This script automates a basic RNA-seq pipeline for processing Illumina reads from sequencing runs, including quality control, alignment, and differential expression analysis. The pipeline assumes that the input files are either paired-end or single-end reads in gzipped FASTQ format, and that the reference genome and annotation file are available in the appropriate directories.
The following tools and software packages are required to run this pipeline:
- FastQC: https://www.bioinformatics.babraham.ac.uk/projects/fastqc/
- Trimmomatic: http://www.usadellab.org/cms/?page=trimmomatic
- HISAT2: https://daehwankimlab.github.io/hisat2/download/
- SAMtools: http://www.htslib.org/download/
- featureCounts: http://subread.sourceforge.net/
- DESeq2: https://bioconductor.org/packages/release/bioc/html/DESeq2.html
- R: https://www.r-project.org/
- Python: https://www.python.org/
- GNU Bash: https://www.gnu.org/software/bash/
-
Set the following variables in the script:
- FASTQ_DIR: the path to the directory containing the input fastq files
- GENOME_DIR: the path to the directory containing the reference genome files
- ANNOTATION_FILE: the path to the GTF annotation file
- OUTPUT_DIR: the path to the directory where output files will be saved
-
Run the script in a Linux terminal using bash:
chmod +x rna_seq_pipeline.sh
bash RNAseq_pipeline.sh
- Check that each sample has exactly two input fastq files with the correct naming convention.

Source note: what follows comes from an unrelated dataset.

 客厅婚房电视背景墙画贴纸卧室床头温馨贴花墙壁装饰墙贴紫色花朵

- Check whether input fastq files are single-end or paired-end.
- Perform quality control and preprocessing using fastqc and trimmomatic.
- Perform alignment using hisat2.
- Convert the resulting SAM file to BAM format and sort it using samtools.

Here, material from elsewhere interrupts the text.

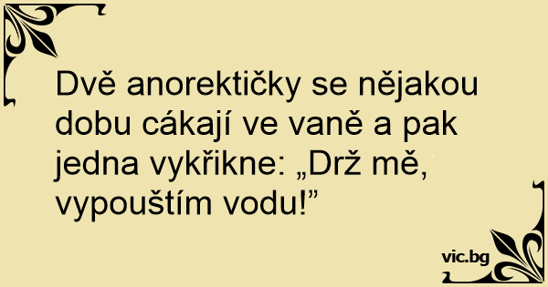 Dvě anorektičky se nějakou dobu cákají ve vaně a pak jedna vykřikne: „Drž mě, vypouštím vodu!”

- Count features using featureCounts.
- Perform differential expression analysis using DESeq2 in R.
- Validate the output using validate.py.
The pipeline generates the following output files for each sample:
- fastqc_results/: a directory containing the output from fastqc
- *_aligned_reads.bam: the sorted BAM file containing aligned reads
- *_counts.txt: the feature counts for each gene
- *_validated_results.txt: the validated differential expression results
All output files are saved to the specified OUTPUT_DIR, with the sample name included in the file name.